When thinking about my life and the things I see, I try to control the framing I think in.
I am not a naturally positive person, in fact, my first reaction to most things is quite negative. I used to find it very easy to get stuck in existential dread or frustration about how unfair things were or how unjust life felt.
I believe that we can greatly influence our reality with our thoughts but in my experience, no amount of positive affirmations can hide what’s going on behind those thoughts. So much is decided by the subconscious mind and the subconscious mind can only be worked on through a change in the frame.

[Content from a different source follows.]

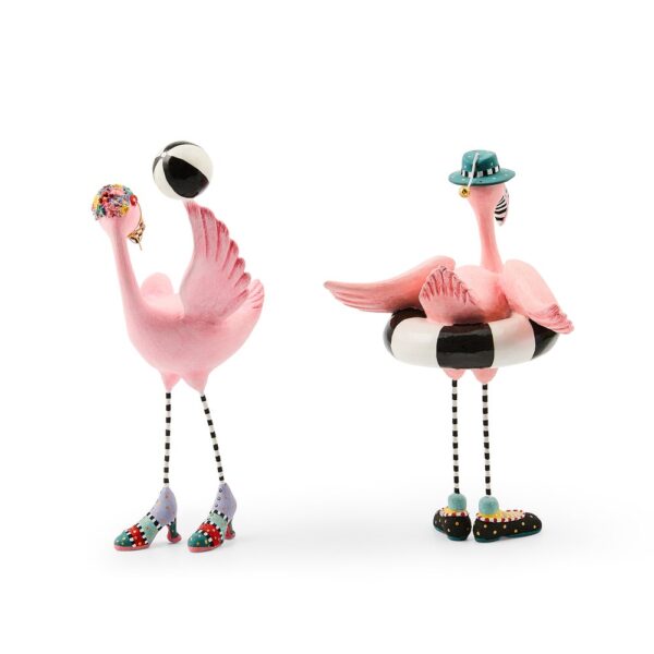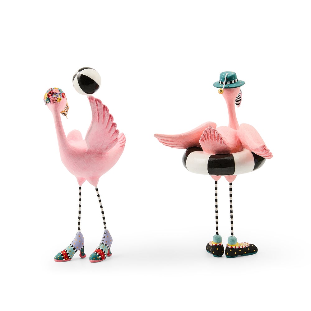 Throw a spring fling with these Patience Brewster Shelia and Sheldon Flamingo Figurines. These playful characters are pool party-ready and decorated with black and white accents.

That means feeling everything you feel fully, not denying any thoughts or emotions, but careful attention to which thoughts you think, and becoming a guiding voice for all your chemica reactions.
You can’t instantly stop liking something. But you can find the good aspects of it or look for positive things yo counter it. You can’t cover up fear or anger with forced positivity, but you can find the deeper root of these emotions and compensate for them through self love and support.
For years I trained myself to stop thinking reactively. It requried me to constantly seek more positive framing. I didn’t reject my dislike of certain things or frustrations, I just asked the questions “what can i do with this?” “How can i calm down?” “what can this teach me?” “how can i avoid feeling this way in the future without unnecessary sacrfice?”
I became very pragmatic about my emotions.
I also learned that “negatove emotions” aren’t always negative. Crying can be theraputic if we let it be. Crying is a chance to let go of some of the negative emotion, as long as we learn how to let those emotions go as they come up. It’s essentially pooping.
Nowadays I sometimes don’t even realize certain things happening to me are “bad”. I mean they aren’t things that I want or choose, but now with many of them, especially the things I an used to, I assume they are just a learning experience and will get better over time.
And they usually do.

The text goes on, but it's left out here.